Opinion
2011-09-30
Appeal from a judgment of the Supreme Court, Erie County (Christopher J. Burns, J.), rendered January 7, 2011. The judgment convicted defendant, upon a nonjury verdict, of robbery in the second degree (two counts).Daniel P. Grasso, Buffalo, for defendant–appellant.Frank A. Sedita, III, District Attorney, Buffalo (Michael J. Hillery of Counsel), for respondent.
MEMORANDUM:
Defendant appeals from a judgment convicting him upon a nonjury verdict of two counts of robbery in the second degree (Penal Law § 160.10[1], [2][a] ). On a prior appeal, we reversed the order that, inter alia, granted defendant's motion to set aside the verdict pursuant to CPL 330.30(1), and we reinstated the verdict ( People v. Benton, 78 A.D.3d 1545, 910 N.Y.S.2d 795, lv. denied 16 N.Y.3d 828, 921 N.Y.S.2d 192, 946 N.E.2d 180). Defendant failed to preserve for our review his contention that the People committed a Brady violation by failing to disclose a report (hereafter, DNA report) containing the results of DNA analysis of a broken beer bottle allegedly used in the robbery ( see People v. Caswell, 56 A.D.3d 1300, 1303, 867 N.Y.S.2d 638, lv. denied 11 N.Y.3d 923, 874 N.Y.S.2d 8, 902 N.E.2d 442, 12 N.Y.3d 781, 879 N.Y.S.2d 58, 906 N.E.2d 1092 cert. denied ––– U.S. ––––, 129 S.Ct. 2775, 174 L.Ed.2d 278; People v. Thomas, 8 A.D.3d 303, 777 N.Y.S.2d 673, lv. denied 3 N.Y.3d 671, 682, 784 N.Y.S.2d 9, 20, 817 N.E.2d 827, 838). In any event, that contention is without merit because the DNA report was not exculpatory in nature ( see People v.
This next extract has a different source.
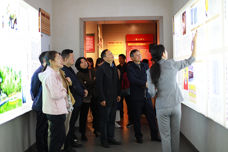 在文史馆讲解员的带领下,全体成员参观了“人民政协光辉历程”“随州历史文化中的协商民主基因”“随州巨变”“随州政协发展历程”“凝心聚力共谋发展”五大主题板块。展览通过详实的图文资料实物,借助声光电现代科技手段,大力弘扬中华优秀传统文化和革命文化,深入宣传中国共产党领导的多党合作和政治协商制度,全面展示新中国成立后随州发生的翻天巨变,以及人民政协在随州经济社会发展中所发挥的重要作用和作出的历史性贡献,充分体现了政协特点、彰显了随州特色。在讲解员生动的讲解下,大家被一帧帧照片、一幅幅手稿、一件件实物、一个个视频深深吸引,不断认真驻足观看。

Wright, 43 A.D.3d 1359, 1360, 843 N.Y.S.2d 482, lv. denied 9 N.Y.3d 1011, 850 N.Y.S.2d 399, 880 N.E.2d 885; People v. Scott, 32 A.D.3d 1178, 1179, 821 N.Y.S.2d 339, lv. denied 8 N.Y.3d 884, 832 N.Y.S.2d 497, 864 N.E.2d 627; see also People v. Forbes, 190 A.D.2d 1005, 593 N.Y.S.2d 912, lv. denied 81 N.Y.2d 970, 598 N.Y.S.2d 771, 615 N.E.2d 228). Defendant also failed to preserve for our review his contention that the prosecutor violated his right to discovery pursuant to CPL 240.20 inasmuch as he did not object to the prosecutor's failure to disclose the DNA report when defendant was made aware of its existence during the trial ( see People v. Delatorres, 34 A.D.3d 1343, 1344, 825 N.Y.S.2d 614, lv. denied 8 N.Y.3d 921, 834 N.Y.S.2d 511, 866 N.E.2d 457). In any event, reversal based on that violation would not be required inasmuch as “defendant failed to establish that he was ‘substantially prejudice[d]’ ” by the belated disclosure of the DNA report ( id.; see generally People v. Davis, 52 A.D.3d 1205, 1206–1207, 859 N.Y.S.2d 804).
Finally, viewing the evidence in light of the elements of the crimes in this nonjury trial ( see People v. Danielson, 9 N.Y.3d 342, 349, 849 N.Y.S.2d 480, 880 N.E.2d 1), we conclude that the verdict is not against the weight of the evidence ( see generally People v. Bleakley, 69 N.Y.2d 490, 495, 515 N.Y.S.2d 761, 508 N.E.2d 672).
It is hereby ORDERED that the judgment so appealed from is unanimously affirmed and the matter is remitted to Supreme Court, Erie County, for proceedings pursuant to CPL 460.50(5).
CENTRA, J.P., PERADOTTO, CARNI, GREEN, AND GORSKI, JJ.